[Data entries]
=-=-=-=-=
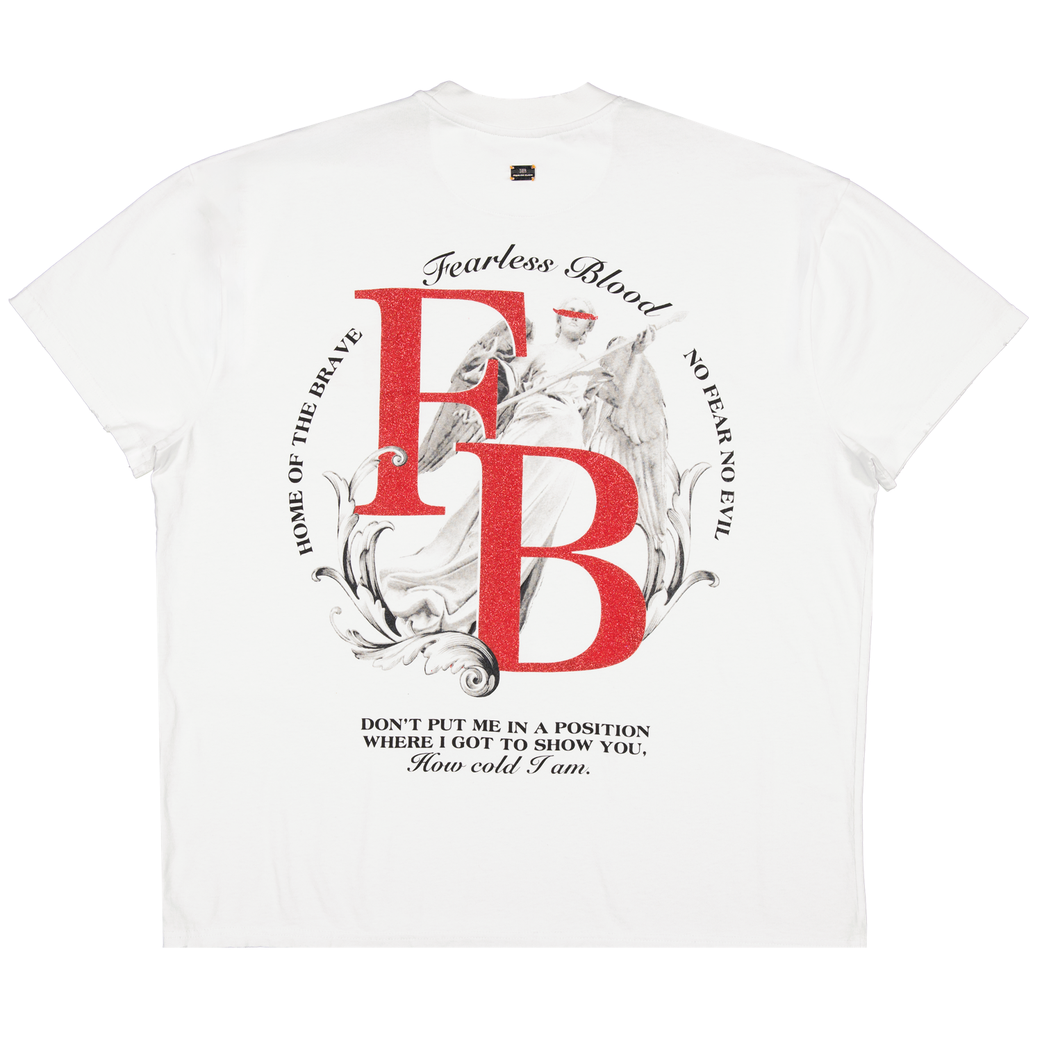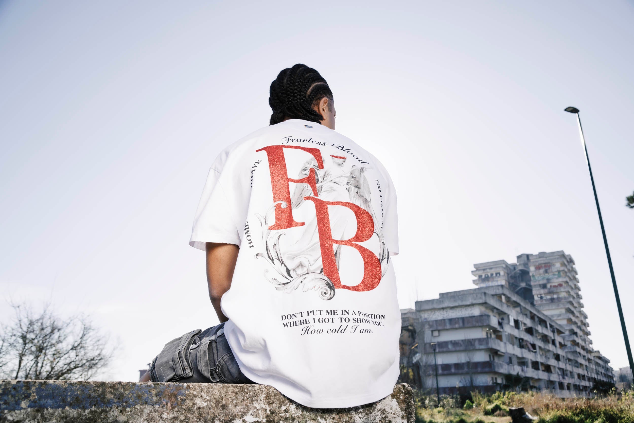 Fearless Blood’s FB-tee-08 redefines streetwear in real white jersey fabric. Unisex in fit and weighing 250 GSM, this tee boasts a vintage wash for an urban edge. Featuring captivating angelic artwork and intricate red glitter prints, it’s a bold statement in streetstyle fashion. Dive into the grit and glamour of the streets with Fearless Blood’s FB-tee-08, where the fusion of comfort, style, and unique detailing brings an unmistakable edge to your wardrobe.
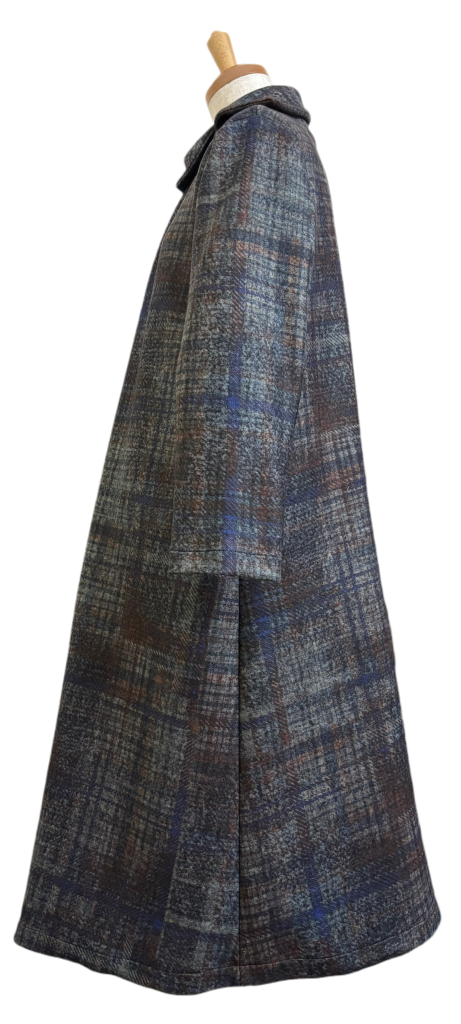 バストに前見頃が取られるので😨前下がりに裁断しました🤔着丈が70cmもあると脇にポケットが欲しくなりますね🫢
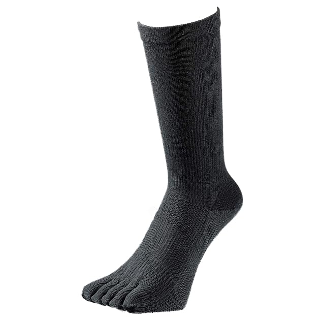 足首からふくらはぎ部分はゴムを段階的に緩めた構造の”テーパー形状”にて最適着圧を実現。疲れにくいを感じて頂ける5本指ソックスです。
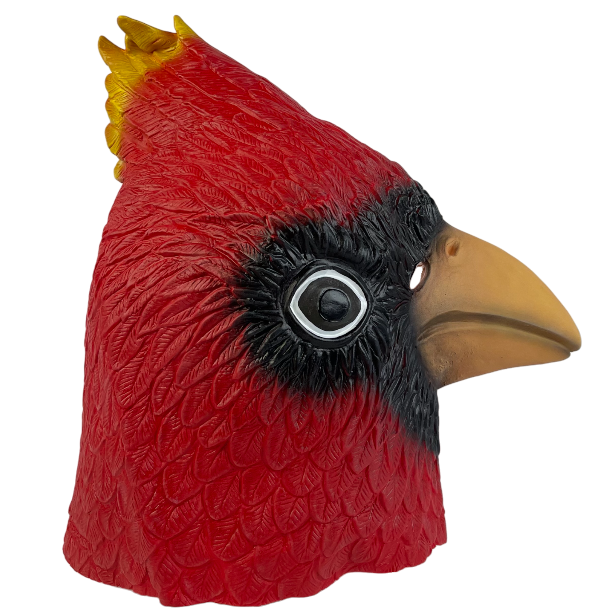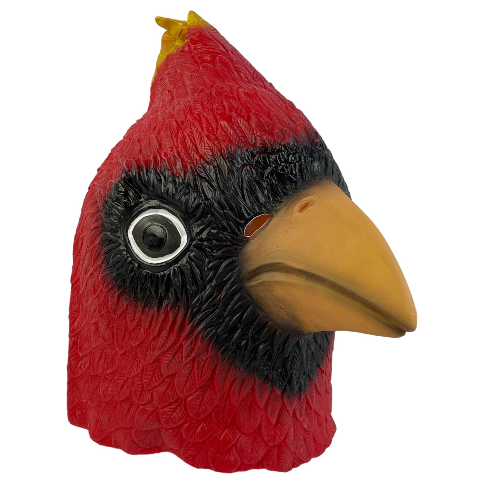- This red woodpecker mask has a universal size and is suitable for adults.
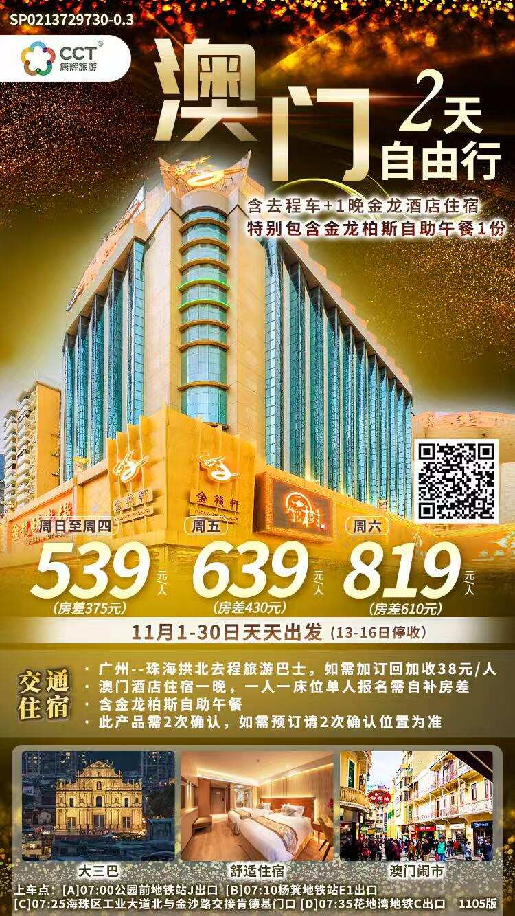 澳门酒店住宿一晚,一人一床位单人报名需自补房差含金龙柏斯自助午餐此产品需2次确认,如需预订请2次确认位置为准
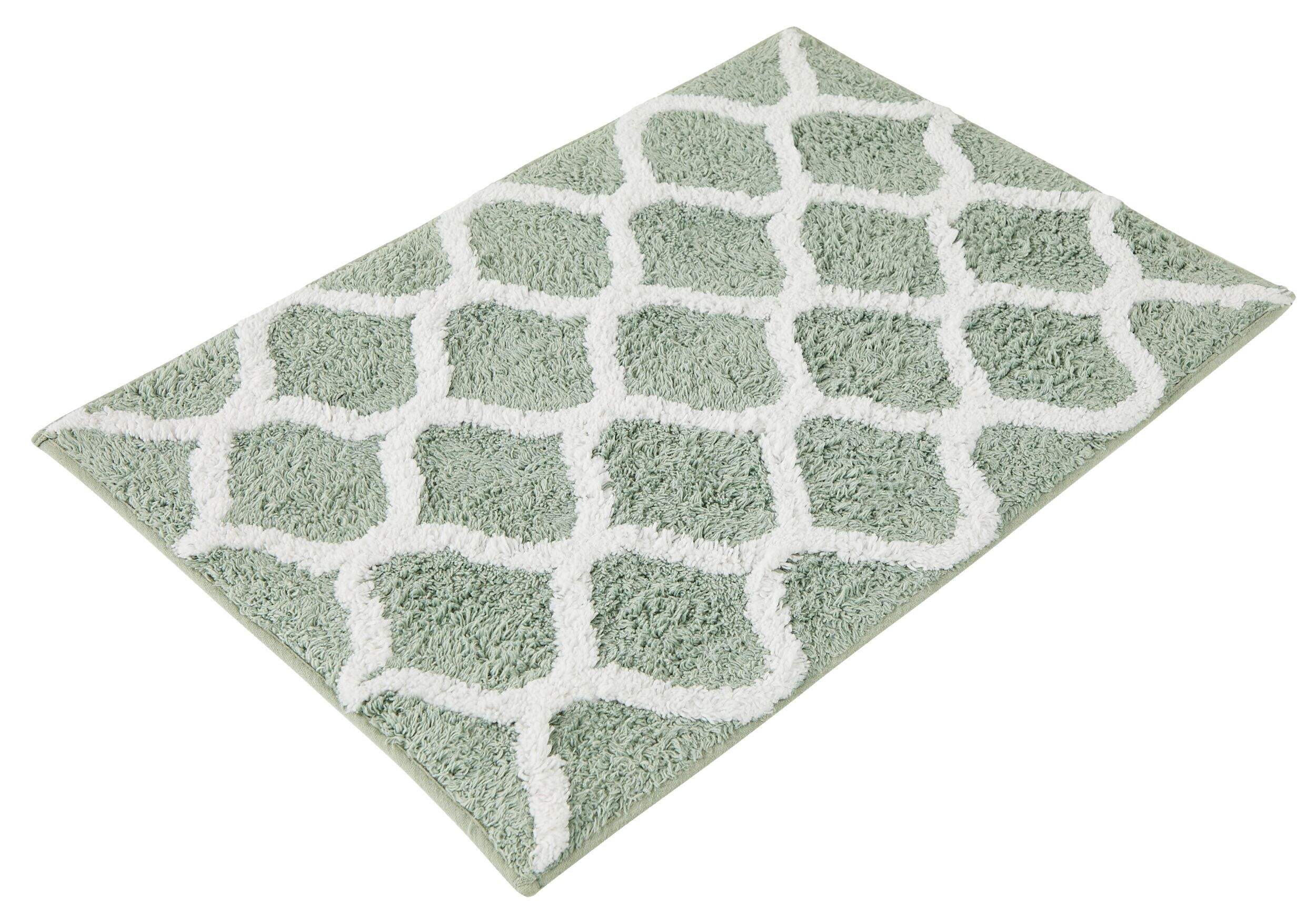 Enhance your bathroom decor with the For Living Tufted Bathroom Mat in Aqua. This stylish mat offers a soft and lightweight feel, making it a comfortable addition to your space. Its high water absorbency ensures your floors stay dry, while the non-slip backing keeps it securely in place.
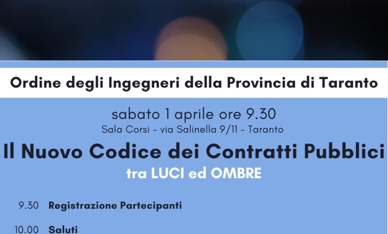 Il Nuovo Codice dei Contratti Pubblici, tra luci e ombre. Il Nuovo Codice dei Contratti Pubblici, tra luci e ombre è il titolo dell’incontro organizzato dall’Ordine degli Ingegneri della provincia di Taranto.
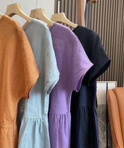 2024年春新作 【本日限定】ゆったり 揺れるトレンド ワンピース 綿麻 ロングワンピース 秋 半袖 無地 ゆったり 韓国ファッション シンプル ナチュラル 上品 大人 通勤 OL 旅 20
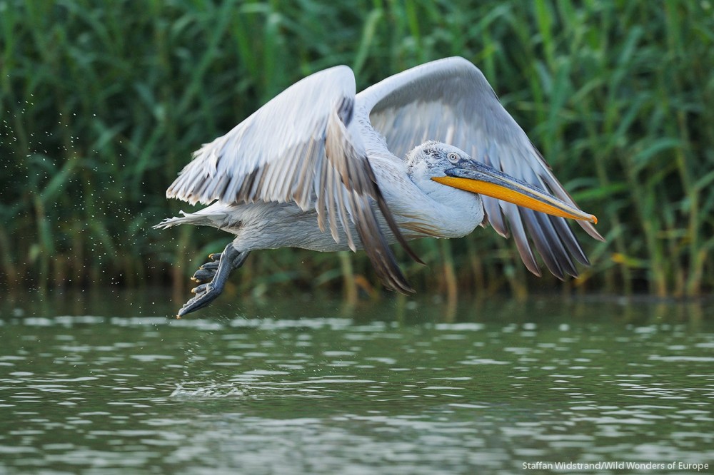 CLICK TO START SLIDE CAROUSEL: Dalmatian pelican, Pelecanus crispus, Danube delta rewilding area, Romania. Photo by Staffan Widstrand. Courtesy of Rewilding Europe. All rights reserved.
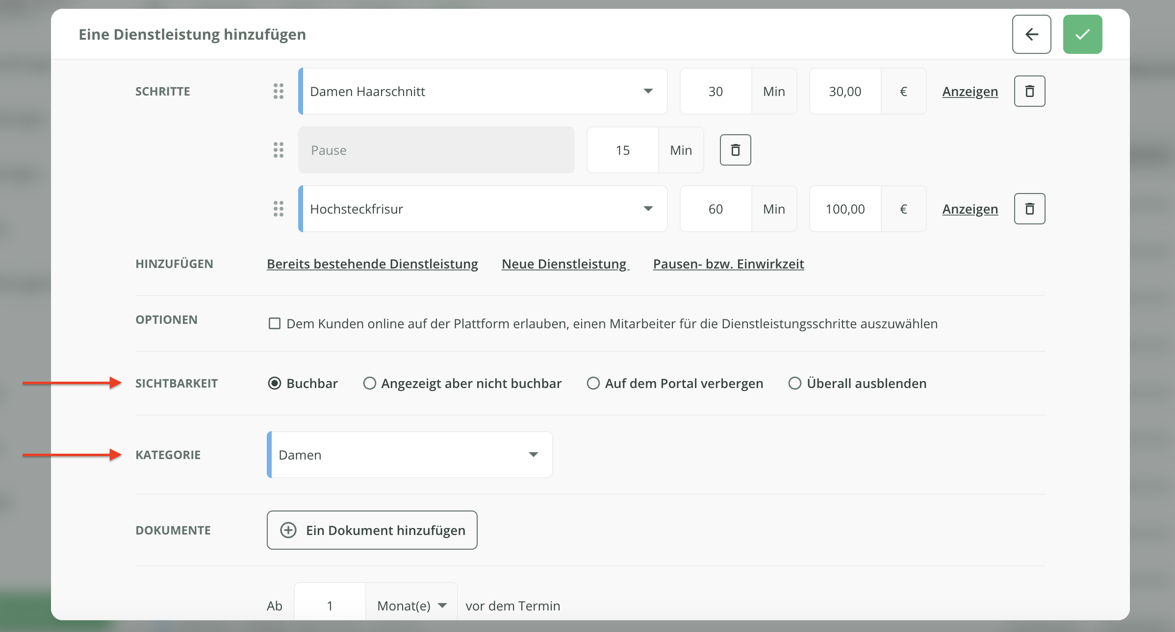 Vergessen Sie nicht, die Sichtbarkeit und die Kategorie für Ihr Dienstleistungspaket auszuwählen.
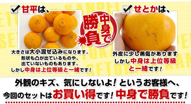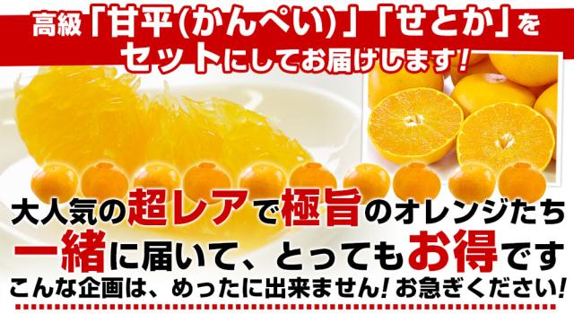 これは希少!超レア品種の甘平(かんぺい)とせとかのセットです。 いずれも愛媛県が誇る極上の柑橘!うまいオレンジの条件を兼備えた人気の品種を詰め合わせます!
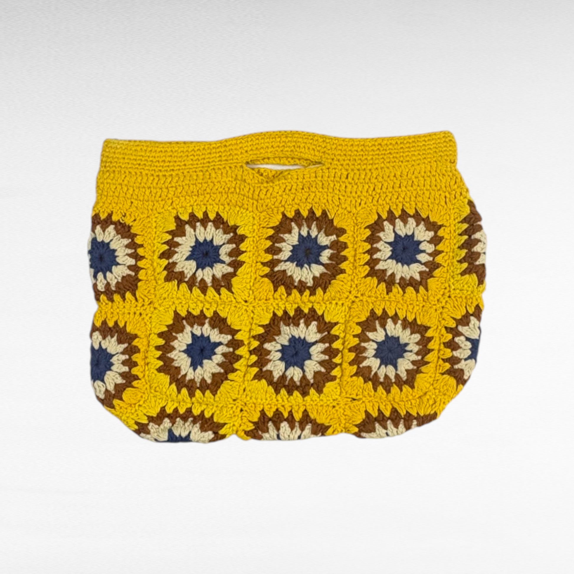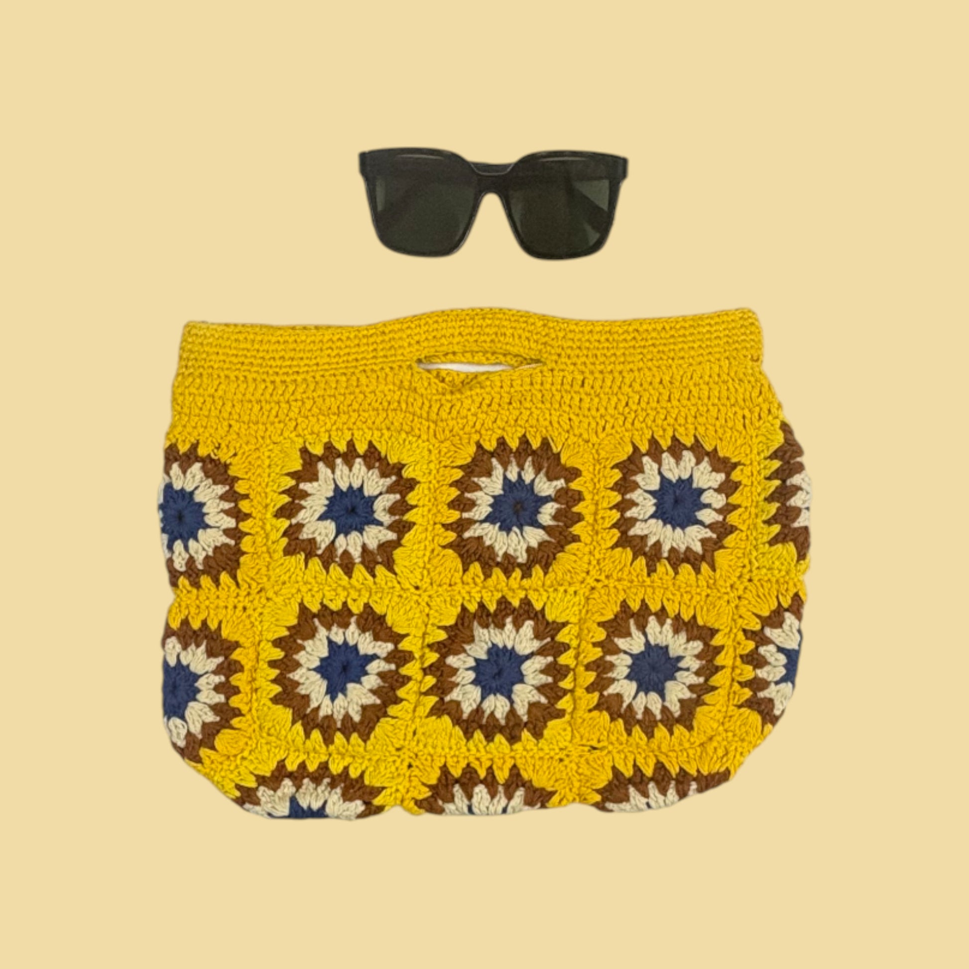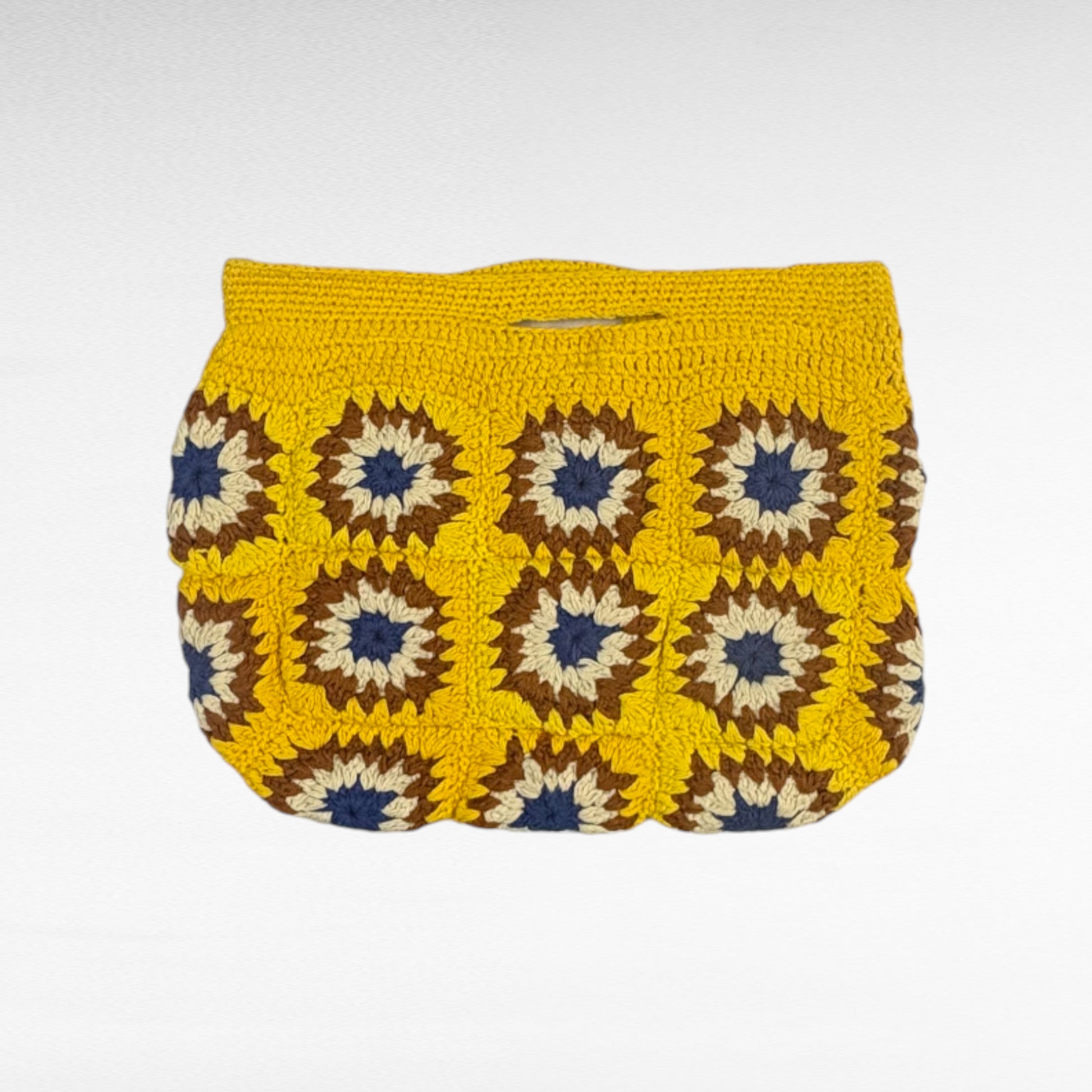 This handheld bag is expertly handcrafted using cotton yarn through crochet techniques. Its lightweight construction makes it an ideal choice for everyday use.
=-=-=-=-=
■ TASK ■
Reproduce the data above line for line, from its first line through the line containing "澳门酒店住宿一晚,一人一床位", both ends included, with the pictures omitted and nothing more.

■ ANSWER BOX ■
 Fearless Blood’s FB-tee-08 redefines streetwear in real white jersey fabric. Unisex in fit and weighing 250 GSM, this tee boasts a vintage wash for an urban edge. Featuring captivating angelic artwork and intricate red glitter prints, it’s a bold statement in streetstyle fashion. Dive into the grit and glamour of the streets with Fearless Blood’s FB-tee-08, where the fusion of comfort, style, and unique detailing brings an unmistakable edge to your wardrobe.
 バストに前見頃が取られるので😨前下がりに裁断しました🤔着丈が70cmもあると脇にポケットが欲しくなりますね🫢
 足首からふくらはぎ部分はゴムを段階的に緩めた構造の”テーパー形状”にて最適着圧を実現。疲れにくいを感じて頂ける5本指ソックスです。
- This red woodpecker mask has a universal size and is suitable for adults.
 澳门酒店住宿一晚,一人一床位单人报名需自补房差含金龙柏斯自助午餐此产品需2次确认,如需预订请2次确认位置为准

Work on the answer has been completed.